Según fuentes de la Cámara de Diputados citadas por El Universal, “las constructoras en su afán de hacer departamentos más económicos han abusado de la necesidad social, incluso bajan la calidad de los materiales e incumplen con la norma de entregar viviendas dignas… En los últimos años la dimensión promedio de las viviendas es de unos 42 metros cuadrados…”. La estrategia es, entonces, construir casas más pequeñas, para ahorrar terreno y costos y vender más unidades a una población también cada vez más pobre, obligada por ello a meterse a esos reducidos espacios. Sin duda, vista desde otra perspectiva, la reducción del tamaño de las viviendas es también un claro indicador del creciente empobrecimiento del pueblo mexicano.

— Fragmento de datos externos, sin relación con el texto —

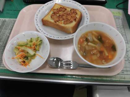 今日の給食は、ツナトースト 野菜のイタリアンドレッシングかけ ミネストローネです。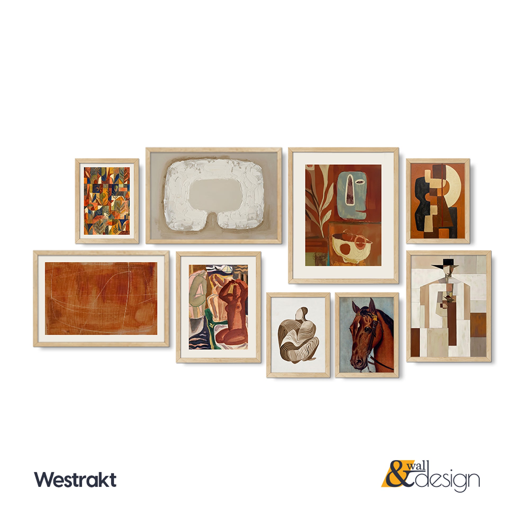 Westrakt Curated Framed Wall Art Gallery Set - 9 Mid-Century & Abstract Prints

Para cerrar la pinza con las constructoras, en un mecanismo perverso, gobiernos estatales y federal (sin distingo de partido) han venido imponiendo mil prohibiciones a la gente para que construya sus viviendas y resuelva por sí sola el problema, llevándola así, casi a empellones, a comprar casas a las empresas. Se ha convertido en delito comprar terrenos para lotificar y construir vivienda popular barata, y se persigue a líderes que lo promueven. La maniobra es clara: nadie debe escapar al mercado, buscando resolver al margen de éste la necesidad de vivienda; en otras palabras, nadie debe dejar de dar ganancias a las constructoras. Con esta política, el gobierno se desentiende del problema y, en alianza con las desarrolladoras, construyendo esas casitas liliputienses, verdaderas cajas de zapatos, ¡muy pronto se reducirá oficialmente el déficit de vivienda! Pero, sobre todo, se habrá creado un mercado cautivo, fuente de enormes ganancias para las empresas.